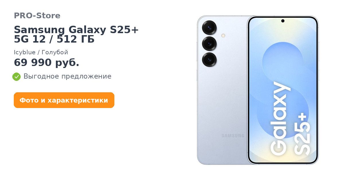 Смартфон Samsung Galaxy S25+ 5G 12/512 ГБ, Icyblue/Голубой
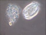 Faunes vivantes observées : rotifères (Lecane et autre). Détail lobes rotatoires cillés en mouvement et aspiration de bactéries libres. Nage et prédation bactérienne par rotifère.
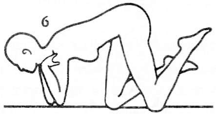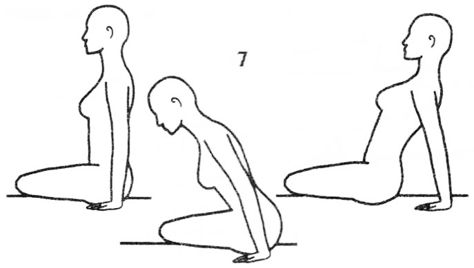 6. Ходьба на локтях и коленях. Лягте на живот. Затем встаньте на колени и локти. Пятки приближены к ягодицам. Локти согнуты, ладони касаются плеч; лицо смотрит перед собой, взгляд направлен вперед. Начинайте ходить и ходите в таком положении 3 минуты. Затем лягте на спину и полностью расслабьтесь. 1 минута.
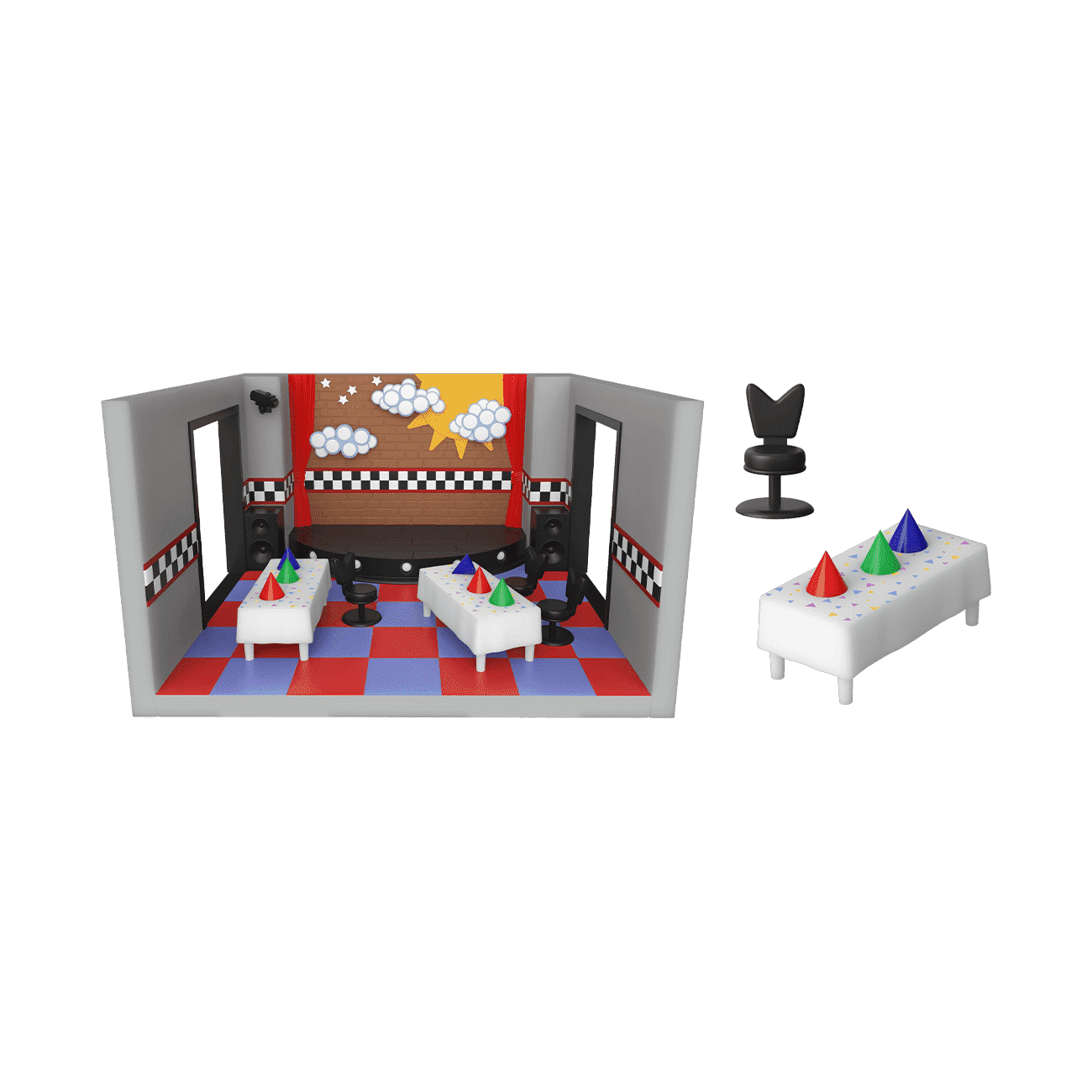 Close in on SNAPS! Golden Freddy in his Stage Playset before he moves! The Stage Playset with Golden Freddy comes with 12 customizable pieces, including 2 face pieces, 1 torso, 1 pair of legs, 1 accessory, 1 head, 2 tables, 3 chairs, and 1 playset base. Tables and chairs can be moved and customized. In fact, you can collect and connect playsets to create even more scary fun adventures.

WHAT TO PRODUCE =>
Every line of the material must be repeated exactly; pictures stay out.

ANSWER TO THIS TASK =>
 Смартфон Samsung Galaxy S25+ 5G 12/512 ГБ, Icyblue/Голубой
 Faunes vivantes observées : rotifères (Lecane et autre). Détail lobes rotatoires cillés en mouvement et aspiration de bactéries libres. Nage et prédation bactérienne par rotifère.
 6. Ходьба на локтях и коленях. Лягте на живот. Затем встаньте на колени и локти. Пятки приближены к ягодицам. Локти согнуты, ладони касаются плеч; лицо смотрит перед собой, взгляд направлен вперед. Начинайте ходить и ходите в таком положении 3 минуты. Затем лягте на спину и полностью расслабьтесь. 1 минута.
 Close in on SNAPS! Golden Freddy in his Stage Playset before he moves! The Stage Playset with Golden Freddy comes with 12 customizable pieces, including 2 face pieces, 1 torso, 1 pair of legs, 1 accessory, 1 head, 2 tables, 3 chairs, and 1 playset base. Tables and chairs can be moved and customized. In fact, you can collect and connect playsets to create even more scary fun adventures.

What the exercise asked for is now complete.